**Task objective**
The output should match, line for line, the records from the line containing "Purchase snow peas" through the line containing "На 34-м году жизни", with every picture left out.

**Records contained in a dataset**

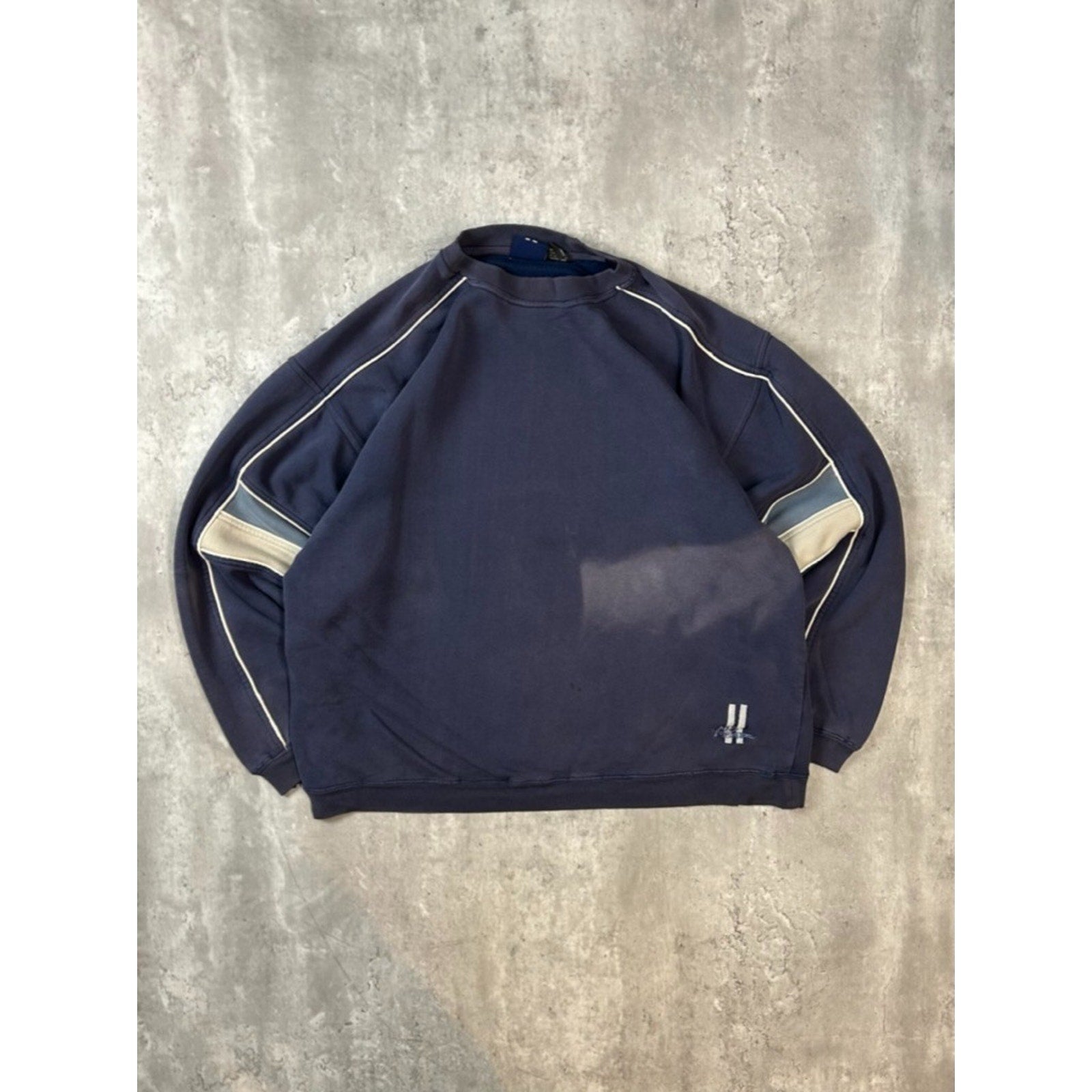 Vintage 90s No Fear Embroidered Spellout Striped Crewneck Sweatshirt Size Medium
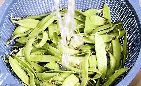 Purchase snow peas that have a fresh, green top. The green should be bright and the seeds very small and flat.
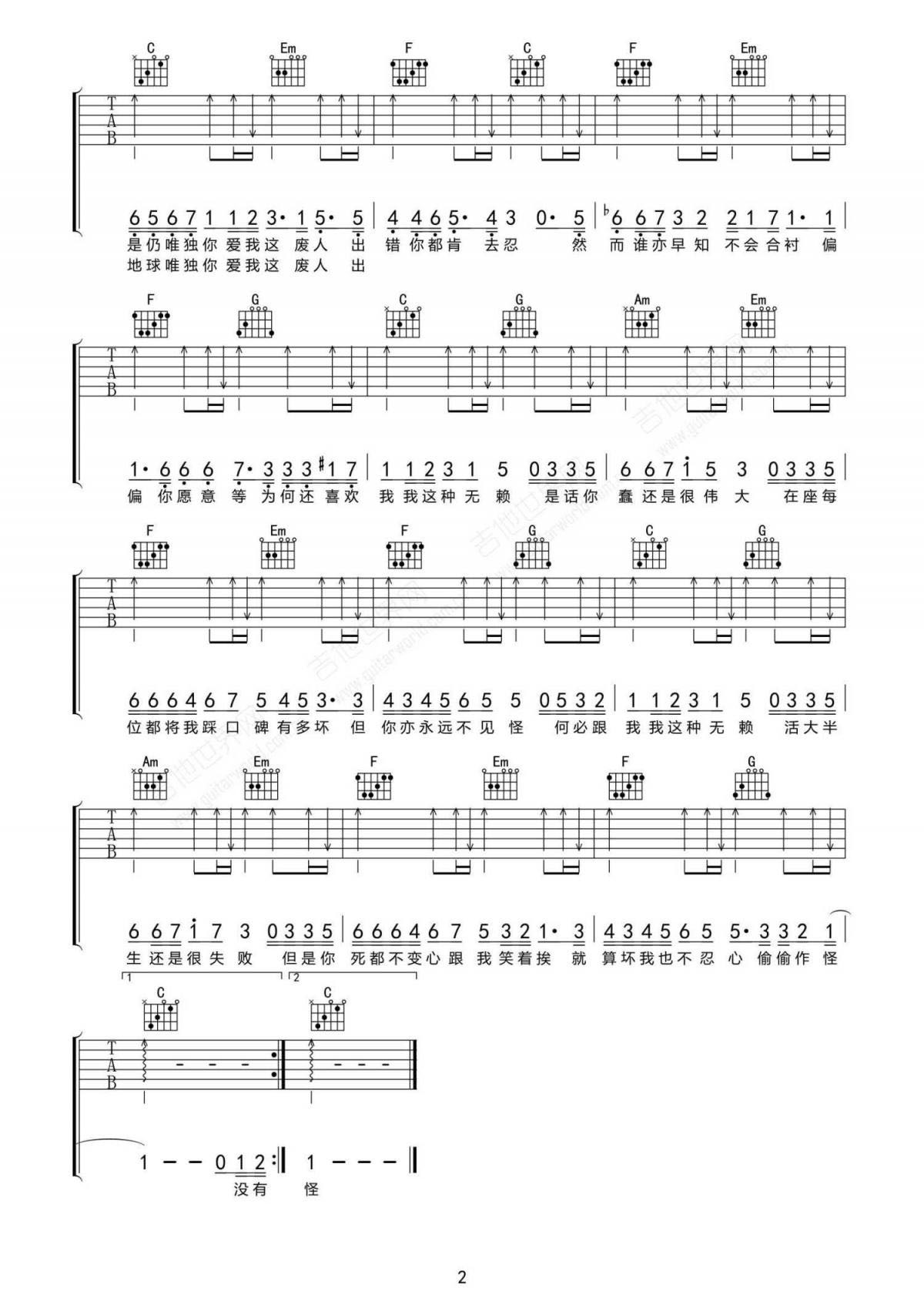 《郑中基《无赖吉他谱》(C调)》内容来自于互联网,不能保证内容的准确性与完整性,仅供学习交流欣赏,请勿用于其它用途,内容版权归原作者及来源网站所有,如有侵犯到您的权益请来信告知,我们将及时删除。
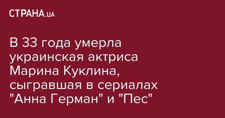 На 34-м году жизни умерла известная украинская актриса театра и кино Марина Куклина. Новость о ее смерти первой сообщила коллега Марины Римма Зюбина в своем Facebook.
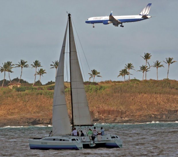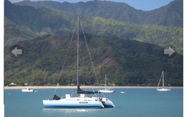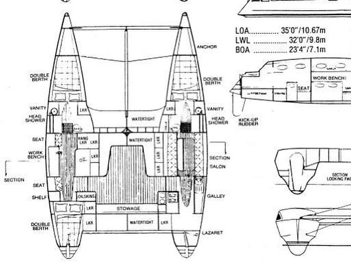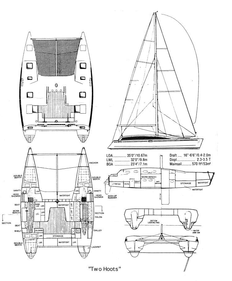 John Shuttleworth designed catamaran w/ round bilges, plumb bows and dagger board in each hull. Flush decks and open cockpit aft; companionway with hatches steps down to cabin areas in each hull.
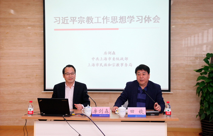 2019年5月13日,学校召开党委理论学习中心组(扩大)学习会,邀请上海市委统战部副部长、市民宗委党组书记房剑森主讲党和国家民族宗教政策。学校党政领导、纪委委员、教学单位党政负责人、职能部门负责人、各二级学院分管学生工作副书记、学管办主任、部分辅导员参加学习。学校党委书记田钦主持学习会。
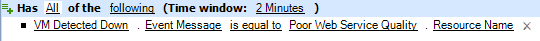 VM Detected Downnamed event, you can append additional matching events to the existing work item by configuring the expression as follows:
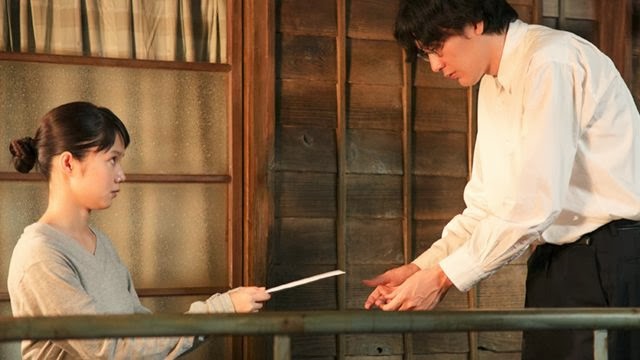 Japan’s submission for the 2013 Best Foreign Language Film Oscar, director Ishii Yuya’s quietly sweet comic drama chronicles the creation of a dictionary and the lives of the unusual people who devote 15 years of their lives to it. The central character is Mitsuya Majime, a reserved and book-obsessed young man who gets hired to help edit a new kind of dictionary in the fall of 1995. It’s to be a living dictionary, incorporating slang and modern usage while still reflecting the traditional language (“we’ll have notes about how the words are being misused” says the project’s leader, an aged and kindly curious professor). The dictionary is conceived as a boat that people can use to cross the vast, mysterious sea of words that inhibits people’s ability to communicate with each other. The metaphor is literalized throughout the film, with non-diegetic wave-lapping sounds and a recurring dream of an ocean in which Majime finds himself drowning. Majime, who in life finds communication with other humans almost impossible, proves a perfect fit for the job, and as he dives into the project begins to open up slightly, inching along the Asperger’s spectrum towards love and fulfillment. It’s these personal interactions, as Majime makes friends, falls in love and loses a father figure, warmly underplayed by all involved, that are the film’s strength. Ishii films with a relaxed dignity and the generous pacing gives his remarkable cast of actors time to develop their unassuming and often very funny characters. The biggest emotional beats in the film are barely indicated: a slight nod, a melt of the eyes and a barely perceptible smile makes as moving a declaration of love as I’m likely to see at the festival this year. That cast is uniformly excellent, featuring veterans like Go Kato (Samurai Rebellion) and Misake Watanabe (Kwaidan) alongside newer stars like Aoi Miyzaki (Eureka), Joe Odagiri (Princess Raccoon, Air Doll) and Ryuhei Matsuda (Gohatto). Matsuda as Majime and Miyazaki as his love interest, the aspiring chef (another job exacting in its dedication to detail) Kaguya, in particular stand out, both in their tenderly tentative courtship and in their later life, admiring and adoring each other still. “You’re so interesting.”

**Task solution**
 Purchase snow peas that have a fresh, green top. The green should be bright and the seeds very small and flat.
 《郑中基《无赖吉他谱》(C调)》内容来自于互联网,不能保证内容的准确性与完整性,仅供学习交流欣赏,请勿用于其它用途,内容版权归原作者及来源网站所有,如有侵犯到您的权益请来信告知,我们将及时删除。
 На 34-м году жизни умерла известная украинская актриса театра и кино Марина Куклина. Новость о ее смерти первой сообщила коллега Марины Римма Зюбина в своем Facebook.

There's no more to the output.